Well. Almost no one did it, apparently. So old and hoary, it was like shaving the head of a slave and tattooing a message there, waiting for the hair to grow back, then sending him on his way.
He zoomed the scan and took a closer look. A lot of 2-D codes had been developed, each with different characteristics and different baseline reference points—bullseyes or L-shaped lines used to orient the camera reader. The programmer of this one had been smart. There were no reference points at all. Which made things more difficult—unless he read the code from the exact direction it had been intended to be read from, he’d get nothing.
And that was before any decoding of whatever he found.
Well, well. It looked like this was going to be more interesting than he’d figured. He might even have to think about it.
He laughed aloud at that. It was so much more fun if you had to stretch a little now and then.
2
Trans-Planet Chemical HQ
Manhattan, New York
Samuel Walker Cox spared a glance at the timer on the stair-stepper, even though he was sure he had four minutes and a few seconds left before he was done.
The timer, flashing down from twenty-six minutes to zero, read 04:06.
He smiled. The internal clock he carried was still working pretty well for a man in his mid-sixties. Well, all right, to be technically accurate, sixty-six. Even better.
The stair-stepper, which was the top-of-the-line DAL Industries model, was a marvel of hydraulic and electrical engineering. It was essentially a set of endless risers, and worked like a treadmill: You climbed stairs, but you never went anywhere.
He had no idea what it cost—probably a couple of thousand dollars. His assistant had bought it and had it installed in his office on the fortieth floor of the TPC building. Every workday, for twenty-six minutes, he used the device. Coupled with a quick shower and fresh clothes, it worked out to thirty-five minutes exactly that he spent on his conditioning, which was sufficient. He was not a threat to any Olympic athlete, but neither was he going to run out of steam if he needed to take the stairs to the lobby in the event of a fire or terrorist attack on his building. He had talked to personal trainers and sports doctors and determined that twenty-six minutes was the amount of time he needed to maintain optimum health at his age, and that was what he gave it, no more, no less.
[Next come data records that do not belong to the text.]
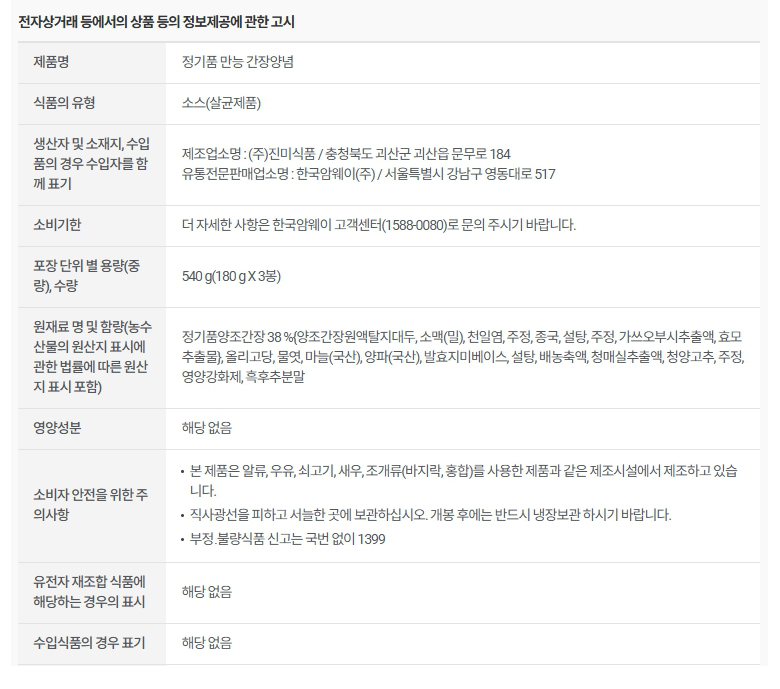 암웨이 정기품 만능 간장양념 540g(180 g X 3봉)
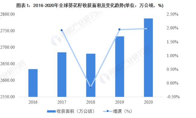 2016-2020年,全球葵花籽收获面积整体呈现上升趋势。2020年,全球葵花籽收获面积达到了2787.43万公顷,相比2019年上升了1.98%。
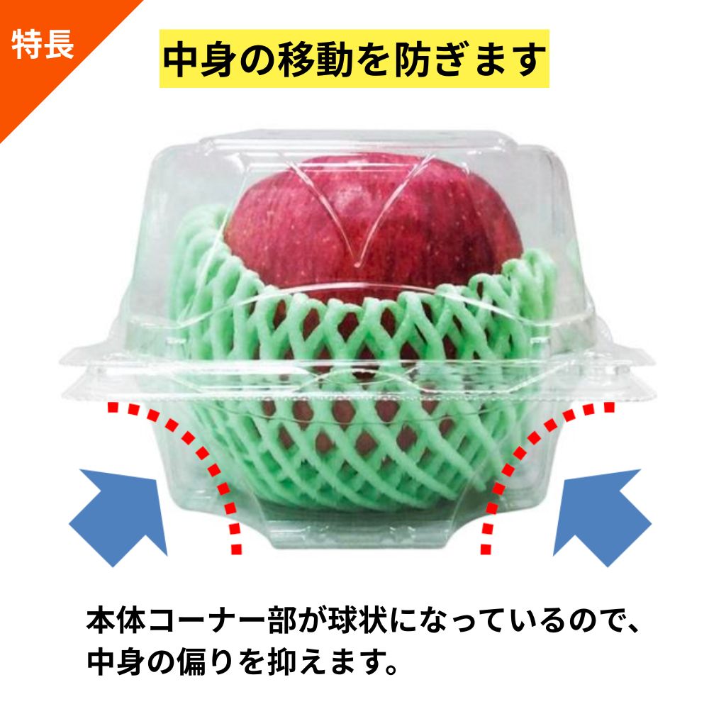 - 中身がズレない専用設計 容器のコーナー部が球状になっているため、輸送中に中身が動いて傷つくのを防ぎ、偏りを抑えます。
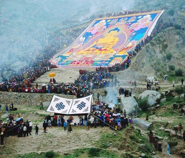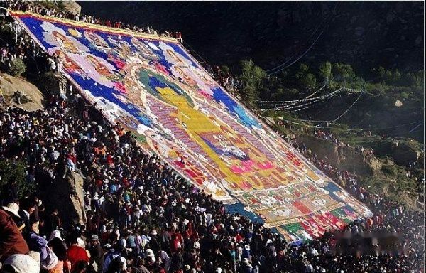 藏历六月三十日为“哲蚌雪顿”,这天,哲蚌寺的僧人们要在根培乌孜山上挂出一副高三十米、宽二十米的巨大佛像唐卡供人们瞻仰,引来大批信徒和游客前来祷福,场面十分壮观。无缘看到当时情景,特转载几幅晒佛的照片,可见当时场面的壮观:
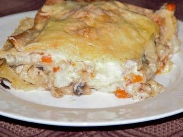 ИНГРЕДИЕНТЫ: Фарш 0,5 кг. Тонкий лаваш 3 шт. Растительное масло по вкусу. Сельдерей 1 шт. Морковь 1 шт. Лук 1 шт. Соль, черный перец по вкусу. Грибы шампиньоны 250 гр. Овощной бульон 250 мл. Сыр 150 гр. ИНГРЕДИЕНТЫ для соуса: Теплое молоко 1 л. Мука 100 гр. Сливочное масло 100 гр. Соль, мускатный орех, черный перец по вкусу.
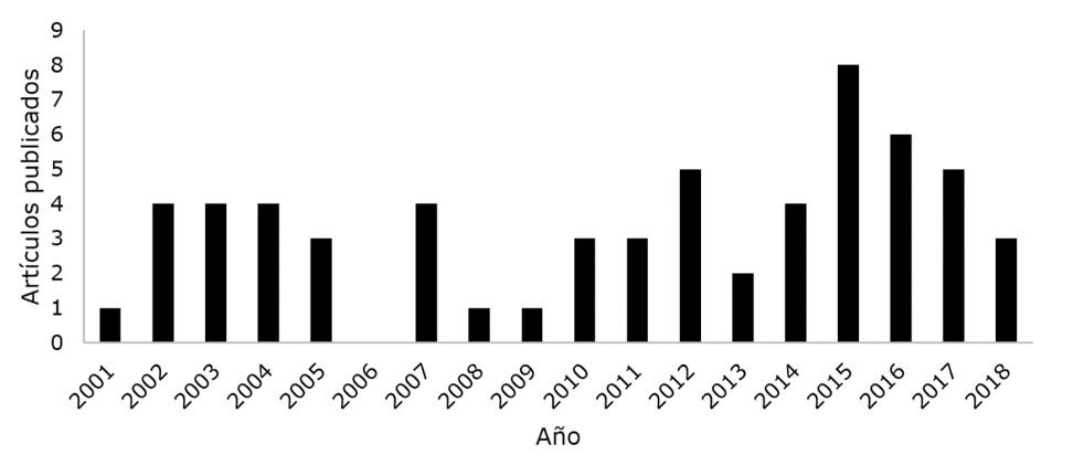 Figure 1. Published articles in scientific journals about plant quality of Mexican pines.

During his workout, no phones rang, no computer voices announced incoming mail, and nobody came through the Chinese carved-cherry double doors into his office. He did go so far as to opaque the de-stressed triple-layered Lexan windows, which formed an L-shaped floor-to-ceiling panorama looking out over Manhattan. The windows were three inches thick and bulletproof, and would stop anything short of an armor-piercing rocket. A special service came and cleaned the windows’ exterior once a week, and once every three months they polished the surfaces to remove any scratches from dust or nearsighted birds.
Cox didn’t know how much that cost, either, nor did he care. When your worth was measured in the billions, you didn’t worry about the small stuff.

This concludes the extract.